Es una pena que haya gente muerta en vida porque la ciencia no tiene horizonte alguno par ellos. Pienso esto porque dos filas delante de mí de este avión que cruza un océano como un murmullo de motores viaja un tipo vestido con un chándal negro. No me apostaría cien euros a que tiene pulso. Lo observo desde que ha entrado al avión resoplando, mirándolo todo con desdén, desprecio y cansancio. Se mueve entre las filas instalado en la queja y en la impaciencia como el agente secreto de una patria desesperada.
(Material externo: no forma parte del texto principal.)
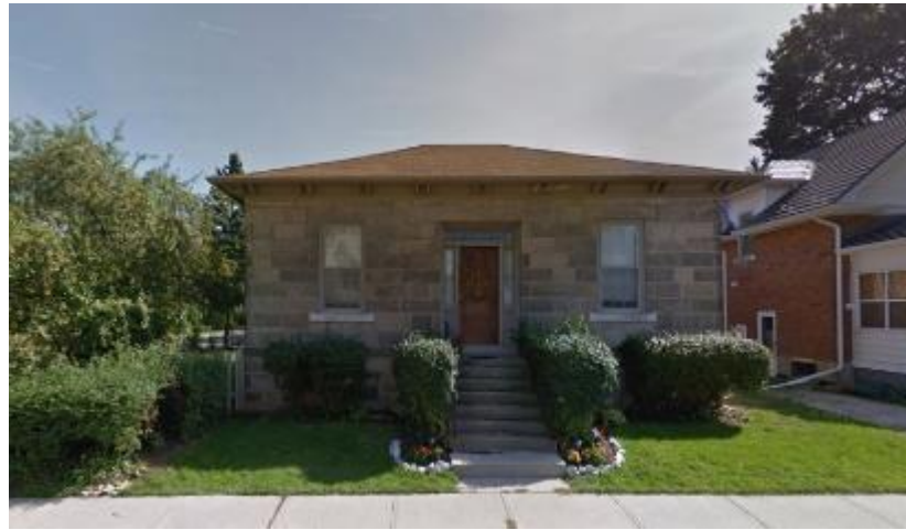
North Elevation 2012

Por un momento, en el duermevela de mediodías eternos, entre cambios horarios y madrugadas que no lo son, fantaseo con la idea de sentarme a su lado y contarle que le está ganando la carrera a atardecer, que aquello que se ve ahí abajo es una bola rellena de fuego que rota sobre trayectoria elíptica a miles de kilómetros por hora. O que el mar que sobrevolamos es una sopa de microorganismos y ballenas azotados de vez en cuando por tormentas y que debemos de haber dejado atrás la meseta Meteor, a dos mil kilómetros al sur de las Azores, una montaña submarina de 4.500 metros de altura que en algún momento asomó por la superficie. Que las probabilidades de que él esté allí arriba comiéndose una bandeja de puré de patata con carne picada, por pobre que sea el plato, es tan pequeña que el hecho de estar allí sentado impulsado a 980 kilómetros por hora camino del otro lado del mundo pertenece ya al terreno del milagro.

Siempre encontré razones para la compasión en los que se jactan de venir de vuelta, de haberlo visto de todo y a todo le encuentran una pega. Mostrarse orgulloso de no esperar nada nuevo es tan estúpido como el tic tan español de celebrar la ignorancia propia. Quizás sea esa la clave de la inmortalidad: transitar en el convencimiento de que, bien mirado, respirar es una fiesta. La inocencia está infravalorada. Feliz día de los Inocentes.